Budapest Travel Guide

Tourist Guide
Budapest featuring interior views, heritage architecture and religious aspects

Budapest Travel Guide Video

From palaces along the Danube River to grand thermal spas, buzzing nightlife and one of the best tram rides in the world, Hungary’s capital offers a captivating holiday.

Stroll along the elegant boulevards of Budapest and it’s hard to know which majestic building to photograph next. Split in two by the Danube River, the city is decorated with art nouveau architecture and dotted with renowned museums and galleries. New blends with old in shopping districts such as pedestrian Váci Street with stylish boutiques and trendy cafés.

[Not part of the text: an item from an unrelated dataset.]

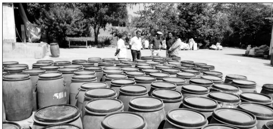
सुमेरपुर कस्बे में चिकित्सा विभाग की टीम ने फैक्ट्री में आचार जब्त करने की कार्रवाई की।

Time your trip with the warm weather of June to August to enjoy a range of exciting events including VeszprémFest for jazz and opera music. Sample some of the country’s best wine at the Budapest Wine Festival in September and enjoy Hungarian sausages with mulled wine at atmospheric Christmas markets.

Things to do in Budapest

Take the funicular up to Castle Hill for sweeping views of the city and river. The historical Castle District, home to medieval monuments, museums and a fascinating system of underground tunnels and caves created by thermal springs. You’ll need plenty of time to discover the Buda Castle complex, which includes the Hungarian National Gallery, the National Széchényi Library, the Budapest History Museum and the Fisherman's Bastion.

Often called the City of Spas, Budapest’s medicinal thermal springs created a bathing culture that has lasted for more than 2,000 years. Visit the Széchenyi Thermal Bath in City Park to soak in outdoor and indoor pools framed by grand architecture or luxuriate in a Turkish bath environment at the 16th-century Rudas Thermal Bath.

Though Váci Street might be the most popular place for shopping, Budapest has no shortage of other districts for fabulous retail therapy. Falk Miksa Street is a joy for treasure hunters, with antiques stores and fine art galleries. Prestigious Andrássy Avenue is the city’s widest road and lined with high-end fashion stores between iconic landmarks. When it’s time to rest your feet, take a sightseeing boat tour down the Danube by day or night.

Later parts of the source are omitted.